If you go for a made-to-order sandwich, the tuna melt on butter-toasted rye, made with Spanish albacore, tastes like an after-school treat, airmailed from 1978. “I don’t want anything to be overwrought,” Hindes says, speaking of an Italian hoagie, also in heavy rotation. Her sales experience shows, too, which is a way of saying that she writes good menu copy. Who could refuse a “Sunday sandwich of smoked salmon, jammy egg, and caper cream cheese”?
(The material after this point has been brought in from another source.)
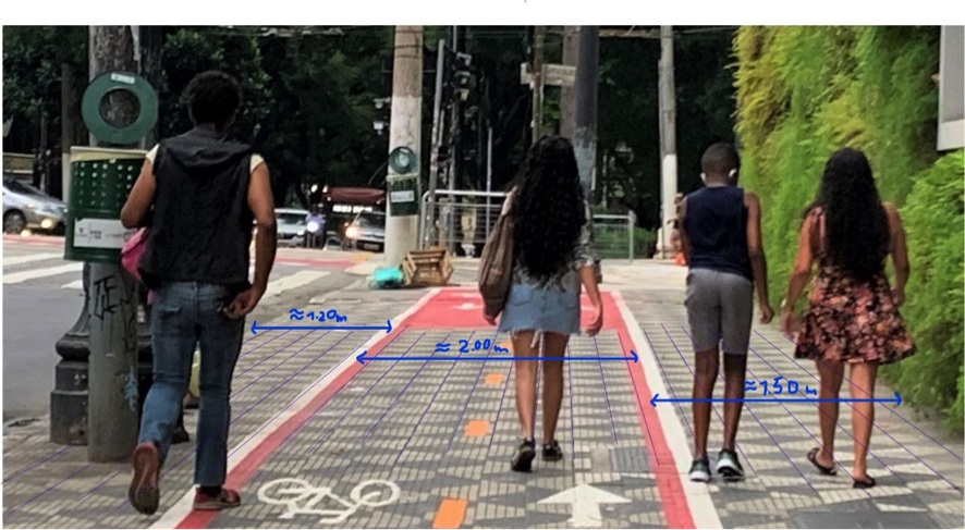 Se considerarmos os 1,50m de faixa livre mínima útil verificada no local (nas proximidades da esquina com a Rua Xavier de Toledo) e o item do Plano Cicloviário de 2020 que diz que “…a implantação de ciclofaixa … partilhada com pedestre só deve ser permitida quando… a largura destinada à circulação exclusiva de pedestre atende ao fluxo verificado no local … com volume de pedestres inferior a 160 pedestres/hora/metro…” a capacidade dessa faixa livre resultaria em 240 pedestres por hora, valor significativamente inferior aos 447 pedestres por hora pico contabilizados pela CET no local. (Esse valor nos foi informado na última reunião da Câmara Temática de Mobilidade a Pé do Conselho Municipal de Transporte e Trânsito – CMTT). Para atender esse valor contabilizado, a faixa livre de circulação deveria ter um mínimo de 2,80m (fora o afastamento lateral de paredes).

Chefs began turning college towns into food towns around the turn of this century. John Currence of City Grocery in Oxford, Mississippi, was early to market, and so was Hugh Acheson of Five & Ten here in Athens. They did more than build destination restaurants for well-heeled alums. They shaped a clientele that expects quality food at breakfast and lunch, too. A new generation of entrepreneurs now follows their lead, opening everyday places designed to serve their neighbors.

Birdies rides the crest of that wave. Friends double back to buy a second cortado and renew a conversation. A young doctor from the hospital down the street picks out salami and cheese for his family’s make-your-own-pizza night. Tom Hiel, a composer for film and TV and a professor, comes after class to pick up a pastrami sandwich and a half pound of snacking mortadella. Sometimes he stays to drink a cup of coffee and read a script.

Bertis Downs, a public school advocate and longtime adviser to R.E.M., walks from his office for a morning pastry and coffee. Often, he returns for lunch and again for afternoon tea. “Everyone in Athens used to go to the post office and see people they knew and stop and talk,” he says. “Birdies is the new post office.”